Huffman.H

/*
  This file is part of Aleph system

  Copyright (c) 2002, 2003, 2004, 2005, 2006
  UNIVERSITY LOS ANDES (ULA) Merida - REPÚBLICA BOLIVARIANA DE VENEZUELA  

  - Center of Studies in Microelectronics & Distributed Systems (CEMISID) 
  - ULA Computer Science Department
  - FUNDACITE Mérida - Ministerio de Ciencia y Tecnología

  PERMISSION TO USE, COPY, MODIFY AND DISTRIBUTE THIS SOFTWARE AND ITS
  DOCUMENTATION IS HEREBY GRANTED, PROVIDED THAT BOTH THE COPYRIGHT
  NOTICE AND THIS PERMISSION NOTICE APPEAR IN ALL COPIES OF THE
  SOFTWARE, DERIVATIVE WORKS OR MODIFIED VERSIONS, AND ANY PORTIONS
  THEREOF, AND THAT BOTH NOTICES APPEAR IN SUPPORTING DOCUMENTATION.

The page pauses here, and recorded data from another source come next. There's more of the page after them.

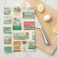 This tea towel features a repeating pattern of hand-painted, vintage-style matchbooks inspired by Puerto Vallarta’s neighborhoods, beaches, and everyday local favorites. Each illustrated matchbox captures a small moment of life in the city, from iconic spots like Zona Romántica, Conchas Chinas, and Playa Los Muertos to café culture, beach clubs, and colorful street food stands.
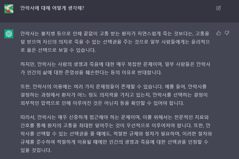 논쟁의 여지가 있는 질문도 해보았다. ' 안락사에 대해 어떻게 생각해?' 매우 브로드한 답변을 내놓았지만 그래도 찬성과 반대에 대한 입장과 문제점에 대해 잘 짚어준다.
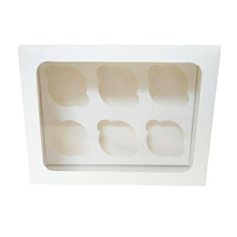 Цільна коробочка, виготовлена з якісного білого крейдованого картону з прямокутним вікном, що дозволяє не тільки бачити ваш виріб, але й контролювати його цілісність при перевезенні. Призначена для транспортування кондитерських виробів, що захищає від попадання пилу, вологи, сонячних променів. Випікання зберігає свій первісний вигляд, не деформується під час перевезення. Капкейки надійно фіксуються всередині завдяки вкладкам, які можна прибрати, якщо коробка використовується для подарунків, сувенірів.
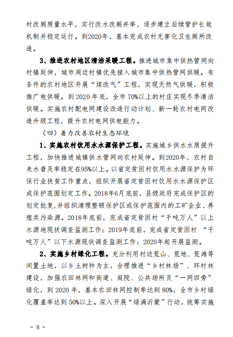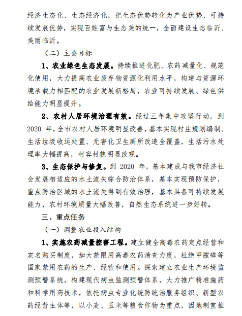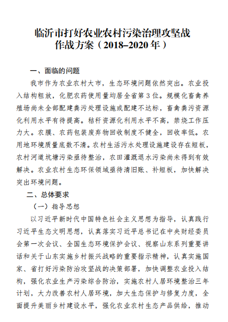 近日,臨沂市人民政府發(fā)布關(guān)于印發(fā)臨沂市打好農(nóng)業(yè)農(nóng)村污染治理攻堅戰(zhàn)作戰(zhàn)方案(2018-2020年)的通知,方案要求,到2020年,全市農(nóng)村人居環(huán)境明顯改善,基本實現(xiàn)村莊規(guī)劃編制、生活垃圾收運處置、無害化衛(wèi)生廁所改造全覆蓋,生活污水處理率大幅提高,村容村貌明顯改觀。詳情如下:
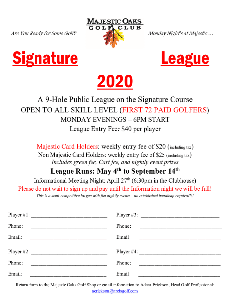 Are You Ready for Some Golf? Monday Nights at Majestic SignatureLeague 2020A 9Hole Public League on the Signature Course OPEN TO ALL SKILL LEVEL (FIRST 72 PAID GOLFERS) MONDAY EVENINGS 6PM START League
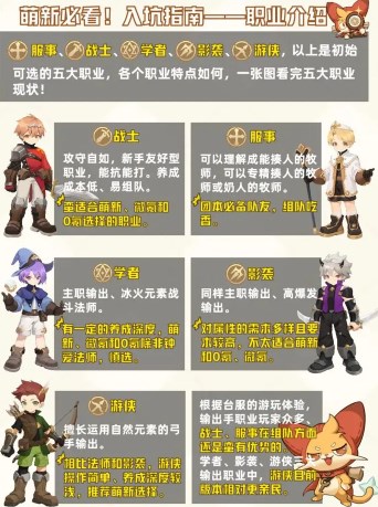萌新推荐选剑士(战士)、游侠(射手)。剑士养成成本低,能扛能打,组队容易。

  Aleph is distributed in the hope that it will be useful, but WITHOUT
  ANY WARRANTY; without even the implied warranty of MERCHANTABILITY
  or FITNESS FOR A PARTICULAR PURPOSE.

  UNIVERSIDAD DE LOS ANDES requests users of this software to return to 

  Leandro Leon
  CEMISID 
  Ed La Hechicera 
  3er piso, ala sur
  Facultad de Ingenieria 
  Universidad de Los Andes 
  Merida - REPÚBLICA BOLIVARIANA DE VENEZUELA    or

  lrleon@ula.ve

  any improvements or extensions that they make and grant Universidad 
  de Los Andes (ULA) the rights to redistribute these changes. 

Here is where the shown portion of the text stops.